Use this tool to encrypt your plain text values for use in a Data Catalog configuration.
Utils
You can perform the following actions on CSV files:
- Export all the lineages (ExportLineage)
- Import all lineages (ImportLineage)
The output size from some of these utilities may be large. As a best practice, you should redirect the console output to a temporary file.
Maintaining the discovery cache
As a best practice, you should maintain the discovery cache by removing unused MapFile directories and merging small MapFile directories. The Data Catalog discovery cache is a repository containing large properties of entities generated during profiling and term propagation. Large properties are used in term propagation, lineage discovery, and in some instances regular expression evaluation.
The location and content of the discovery cache are controlled by configuration settings made in the Configurations user interface page. To change a configuration setting, go to Management and click View Configuration on the Configuration card. Then enter a keyword in the search box to search for a specific configuration setting.
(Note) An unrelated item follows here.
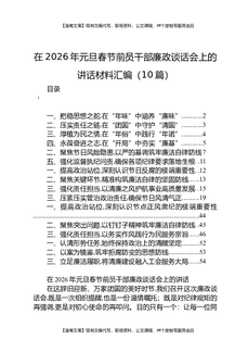 在2026年元旦春节前员干部廉政谈话会上的讲话材料汇编(10篇).docx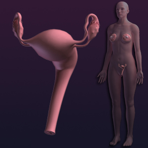 الرحم (Uterus) وهو يشبه شكل الإجاصة المقلوبة وطوله 7.5سم وعرضه 5سم ويبدأ من العنق الرحم (Cervix) ثم جسم الرحم. يبطن الرحم طبقة خاصة تدعى بطانة الرحم (Endometrium) وهذه تثخن قبل مجيء الدورة الشهرية ثم تتساقط أثناء حدوث نزيف الدورة الشهرية لتتكون بدلها طبقة جديدة.تقسم الرحم بتضيق يسمى مضيق الرحم قسمين: جسم الرحم في الأعلى وهو الأكبر وعنق الرحم في الأسفل وهو الأصغر.

URI for discovery cache metadata store
Defines the URI of the discovery cache metadata files. Its default value is
s3a://ldc-discovery-cache
. You should configure large properties only on the default agent.Relative location for a large properties metadata store
Defines the location relative to the large properties URI for a large properties metadata store. Its default value is "/".
You should change the URI and location to fit your environment, and both should be accessible by the users running jobs.
The large properties of data resources and term propagation information in the discovery cache are stored in the resource_lp and tag_lp directories.
To view the metadata for term and large properties, enter the following command:
$ hdfs dfs -ls /user/ldcuser/.ldc_hdfs_metadata/
The output is similar to the following example:
$ hdfs dfs -ls /user/ldcuser/.ldc_hdfs_metadata/ Found 3 items drwxr-xr-x - ldcuser ldcuser 0 2021-09-28 05:25 /user/ldcuser/.ldc_hdfs_metadata/Built-in_Terms drwxr-xr-x - ldcuser ldcuser 0 2021-09-28 05:45 /user/ldcuser/.ldc_hdfs_metadata/resource_lp drwxr-xr-x - ldcuser ldcuser 0 2021-09-28 05:45 /user/ldcuser/.ldc_hdfs_metadata/tag_lp $
Each directory contains the map files with generated unique names.
$ hdfs dfs -rm -R /user/ldcuser/.ldc_hdfs_metadata
The following configuration setting controls compression:
Minimum number of objects in discovery cache MapFile
If below this number, the object from MapFile will be relocated during discovery cache compression. The default is 50.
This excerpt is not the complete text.